一个对妻女伤痛视若无睹、能在施暴后酣然入眠的人,
居然会是为情自毁之人?会为求不得的“爱情”自戕?
那时新房方成,别墅生辉,
他正于同事间意气风发,遍撒“成功”的烟霞;
薪资见涨,前途似铺锦缎;眉眼皆缀春风,如孔雀开屏。
王敏的钓饵悬而未决,正是暧昧最勾魂的时节。
天地皆春,何来绝境?
一个志得意满、情场热络,猎物在望,正贪婪吮吸生活蜜酒的猎人,
为何预先丈量黄泉的深浅,凭空思索死亡的滋味?
他曾酒后吐真,言王敏在他心仪女子中“并非最爱”。
既非最爱,何至殉情?
这检索发生在奸情未露之时,
非作态予我看。
既非痴情至死,
何来“追不上就寻死”的戏码?
也许他早勘测过痛苦的等高线,
比较过哪种消失更干净利落。
而我竟以为那只是
又一场博取关注的哭喊。
女儿谨语某日摆弄玩具,仰着天真小脸,
墨瞳里映着孩童不解世事的清澈与直白:
曾将一句戏言当作新奇见闻献宝:
“爸爸说他能杀一个人,警察都发现不了哦。
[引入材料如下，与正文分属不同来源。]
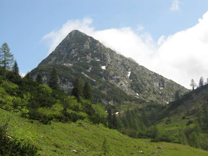Über den Grasrücken oberhalb der Alm (Mooseben) ins latschenbewachsene Grubach unter dem Stuhlloch und durch eine schmale, mit Holzstufen und Stahlseil gangbar gemachte Schlucht („Durchgang“), ins Jöchl hinauf. Dann fast eben unter den felsigen Ausläufern der Bischofsmütze (Stahlseile) zum Mahdalmriegel, dort nach links und durch die weiten Gras- und Geröllhänge oberhalb der Sulzkar- und der Retteneggalm zur schon weithin sichtbaren Hofpürglhütte. Die Hütte steht landschaftlichen besonders schön und bietet einen wunderbaren Blick auf das Dachsteinmassiv. Ein schöner Übernachtungsstützpunkt mitten in einer imposanten Bergnatur.
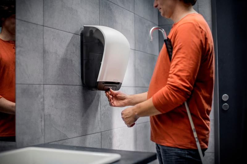Die gesamte Papiermenge auf der Rolle wird aufgebraucht. Bei einem Durchmesser von ca. 7,5 cm fällt die Rolle automatisch in die Restrollenposition. Sie können dann bereits eine neue Rolle in den Spender einlegen. Der Übergang zur neuen Rolle erfolgt dann automatisch, wenn die Restrolle aufgebraucht ist
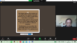 对我来说,最大的收获是我们了解到加拿大是如何认真对待食品安全的。在这个项目中获得的知识让我们对不同国家的法律和标准有了更好的了解。此外,我们还可以看到如何利用这些知识来改进中国的食品安全法律和实践。在今后的学习中我也会把所学知识运用到实践中去,继续努力学习。

”
童声清脆,落地成霜。
我伫立在这终于挣得的“自由”里,
骤然洞悉:
原来这场漫长婚姻里,
我不仅是他情感的人质,
更曾是他暴力幻想的潜在祭品。
或许因我碍了他奔赴新欢的路,
或许因我知晓太多丑陋秘密,
或许只因我是他最易得手的“所有物”。
如今回望,
每一个他深夜投来的,没有温度的凝视,
每一次无故爆发的,淬着冰渣的怒气,
甚至最后那记将我踹落高台的飞踢——
都在记忆的深潭里,泛起了幽暗的、全新的回响。
我忽然读懂了一种比背叛更寂静的恐惧:
在这段关系里,我作为“人”的边界,
或许早在他一次次的冷漠、戏弄与暴力中,
被无声地擦除了。
我之于他,并非一个需要忌惮的对手,
而更像一个可以随意处置的布景——用以衬托他的失意,或承载他无处安放的暴戾。
十余年。
我竟是在用自己的血肉之躯,
去丈量一个人心中深渊的深度。
直到坠落的失重感袭来,
才惊觉脚下早已不是实地。
我终是懂了。
这场婚姻里最可怕的,
从来不是他爱上别人,
而是他早已学会
用我的血,
喂养他心中那头
名为“绝对掌控”的兽。
那兽不吃爱情,
只吞噬活人的气息。
如今,我终于调转了船头。
不是逃离一个人,
而是驶离一种将人异化为物的、可怕的寂静。
我最终带着谨语,搬离了我们的“家”,我半生经营的“家”。
离开那晚,谨语将那张“彩虹房子”的画贴在别墅空空的门上。
月光下,三个彩色的手拉手小人,在空洞的豪宅门前,
像一句无人接收的、天真而讽刺的偈语。
原来断弦之后,余音不止是释然,还有这迟来的、来自岁月深处的战栗。
它让我知晓,有些离开,不仅是告别一场荒唐的梦,
有些人的心,天生就缺了一角。
那一角,恰好是能映出他人痛苦的镜子。
他不是魔鬼,他只是空洞。
而空洞,有时比恶意更能吞噬光。
我的金属花,正是在这彻骨的认知中,彻底铸成。
它不为对抗谁,
只为证明——
即便曾被视作布景,我也从未停止生长。
即便深渊投来倒影,我仍选择折射星光。